彼女は今、ボクではなくて、ボクの背後に向かって頭を下げたのだ。
「それにしても、やっぱりあなたの守護霊さん達は凄いわね。こんなに生きてる人と変わらないくらいスムーズにコミニュケーションを取れる霊格の守護霊なんて初めて……」
柳井さんの言葉の後半は、もはやボクに向けられた物ではなくなっていた。彼女はボクの背後の宙に視線をさ迷わせながら、まるでうわ言のように囁いていた。
その様子を脇から見ていた大塚さんは、まるで視力検査を受ける小学生みたいに必死に目を細めてボクの背中辺りを睨んでいる。
「……あなたにお二人の話をしてたら、突然お辞儀をされちゃった。こんなの初めてよ」
目の焦点をボクに戻して、柳井さんが溜め息混じりにそう言った。
「とにかく、これならどっちにしても安心だわ。棚橋君、お願いできない?」
女性に頼りにされ、のみならず自分のご先祖様までこうも誉めちぎられてはNOと言うに言えない。
しかも依頼の具体的内容は、とあるアパートの一室を訪ねてしばらくそこにいるだけというシンプル極まりないものだ。
「……分かりました。ただ部屋に行くだけなら」
ボクは頭をガシガシと掻きながら、上目使いに自分を見る柳井さんにそう答えた。
「今日なんですか?」
千葉駅に向かう道すがら、ボクは柳井さんがスマホをバッグにしまうのを見計らってそう尋ねた。
彼女は今しがた弟さんらしき相手に電話をしていたところで「これから例の人を連れていくから、ちゃんと部屋を片付けておきなさいよ」とか何とか釘を刺していた。
「今日じゃダメだった?」
バッグのストラップを肩にかけ直した柳井さんが、ちょっと困ったような顔で訊き返してくる。

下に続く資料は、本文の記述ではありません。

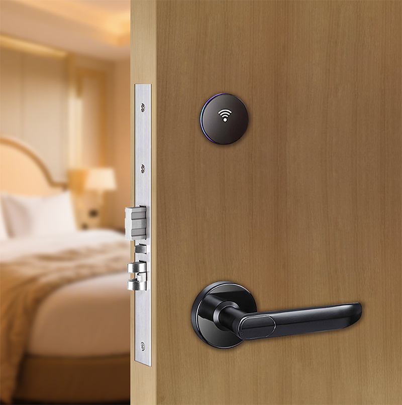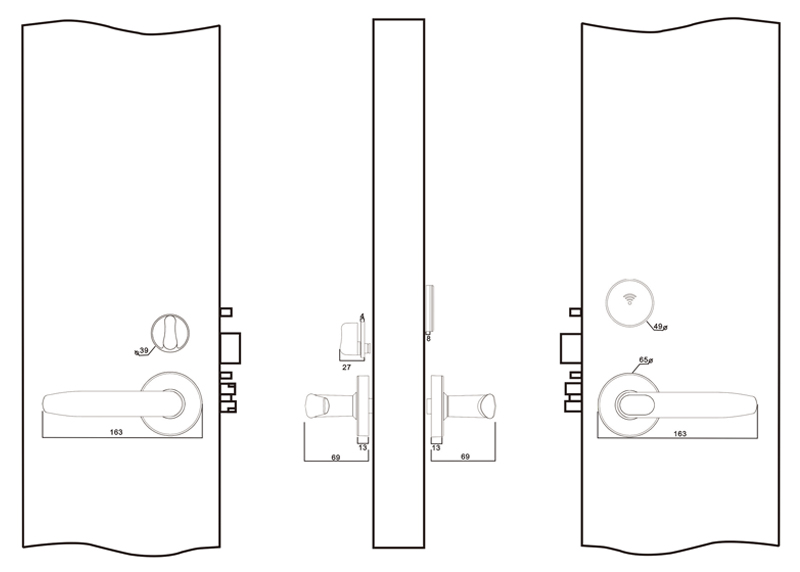 表面工艺:锌合金及铝合金材料。 材 质:把手采用锌合金材质,结构采用空转设计。 芯 片: I C 卡片采用进口芯片,16扇区可多重加密。 电 源:4节1.5V碱性电池,正常连续开启15000次左右或1—1.5年左右。 开锁记录:锁内“存储器”储存最新的2000条,机械钥匙开启也有开锁记录。 欠压提示:电池电压低于4.8V(±0.1)时,会发出“嘀嘀嘀”3声的低压报警提示,红灯闪烁,还能开门100次。 应急开启:不受任何控制,即使方舌反锁,也能打开。 机械钥匙:完全独立的机械应急开锁机构,高安全机械钥匙,确保紧急情况下门锁仍能正常开启。 配置锁体:采用70倒装大锁体。
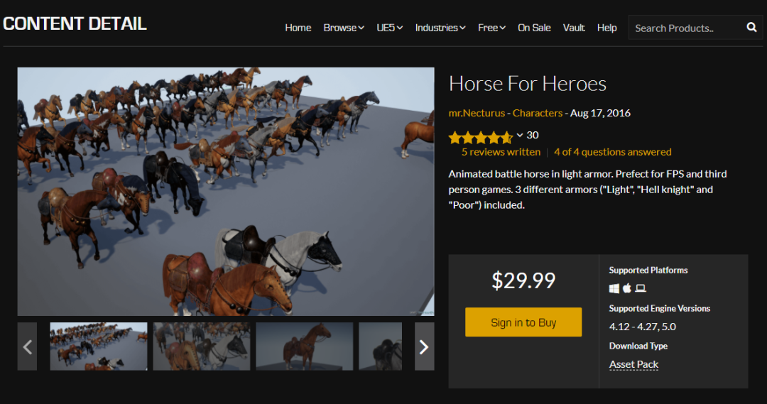 任何人只要花上29.99美元(约合人民币199.9元),就能在自己的虚幻引擎软件,乃至自制的游戏中,随意使用包括“史诗”马在内的10种具有不同纹理的马匹。买家得到的是实际的模型文件,而非象征自己所有权、会随服务器倒闭与卖家跑路而丢失的虚拟数字凭证。
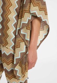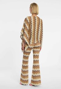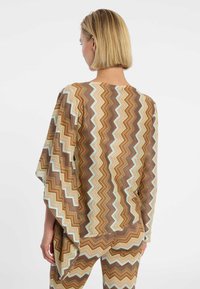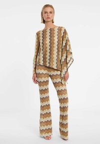 De asymmetrische gebreide top Duola in aardetinten is een absoluut hoogtepunt voor liefhebbers van de jaren '70 retro-look. Gemaakt van fijn zomerbreisel, overtuigt het met een opvallend zigzagpatroon in warme bruine en beige tinten. De bijzondere snit combineert een strakke lange mouw aan de ene kant met een wijde, vloeiende poncho-mouw aan de andere kant. Voor een stijlvolle verschijning op vakantie of bij een creatief evenement combineer je de top als modieuse tweedelige set met de bijpassende flarepantalon Dorea. Draag daarbij elegante plateau sandalen of eenvoudige mules en kies een hoogwaardige suède tas. Met grote gouden creolen geef je je outfit de perfecte vintage-touch.
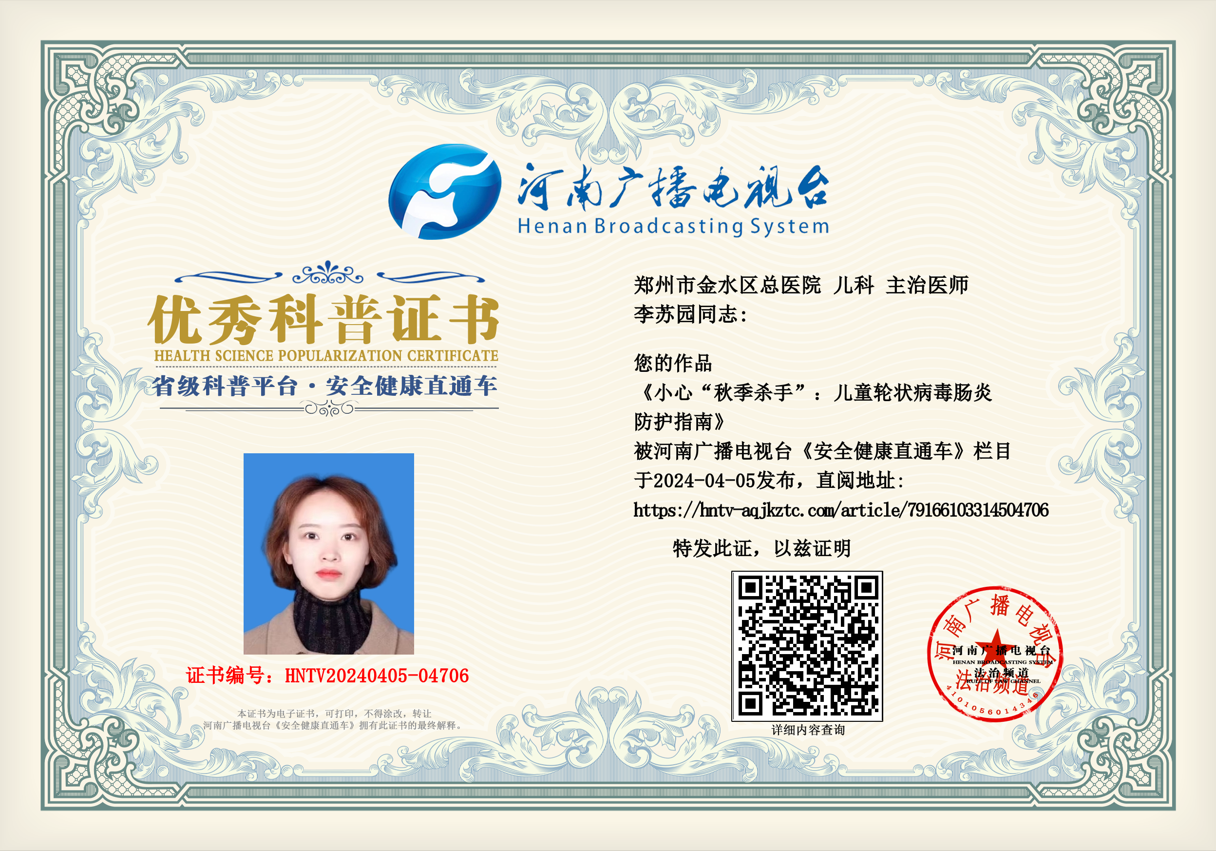 (李苏园 郑州市金水区总医院 儿科 主治医师)

「……棚橋君にまたあらためて出てきてもらうのも悪いし、弟も部屋にいるっていうからちょうどいいと思ったんだけど……。迷惑だったかな」
柳井さんの人柄も手伝ってのことなのか、そんな申し訳なさそうな口振りで言われると、なぜかこちらが気が引け目を感じてしまう。
「いや、別に大丈夫なんですけど……」
まあ、話を聞かされた当日というのは驚いたけれど、遅かれ早かれいずれ行かなければならない場所なら、確かに日をあらためて余計な手間をかける必要もないかも知れない。
それにしても……。
「大塚さんも一緒に来るんですか?」
ボクは振り返って、後ろを黙って付いてくるスカート姿の大和撫子に声をかけた。
「ああ。色々な幽霊が入れ替わり立ち替わり出る部屋なんて、なんか面白そうじゃないか」
大塚さんは軽い足取りでボクらの後を歩きながら上機嫌でそう言うが、そんな彼女に向けられた柳井さんの目は厳しい。
「いずみちゃん、全然懲りてないんだから」
小さな娘を叱るお母さんみたいな口調の柳井さんの呟きに、大塚さんはタハハとごまかし笑いを見せた。
「今回は大丈夫だろう? 結実も、徐霊能力のある陽輔クンもいるんだからな」
「ありませんよ」
大塚さんの飛躍した前提を、思わずお笑いのツッコミみたいなタイミングで否定する。
柳井さんも大塚さんの緊張感のなさに呆れたのか、例のまるで怪談をするような静かな声で脅しにかかった。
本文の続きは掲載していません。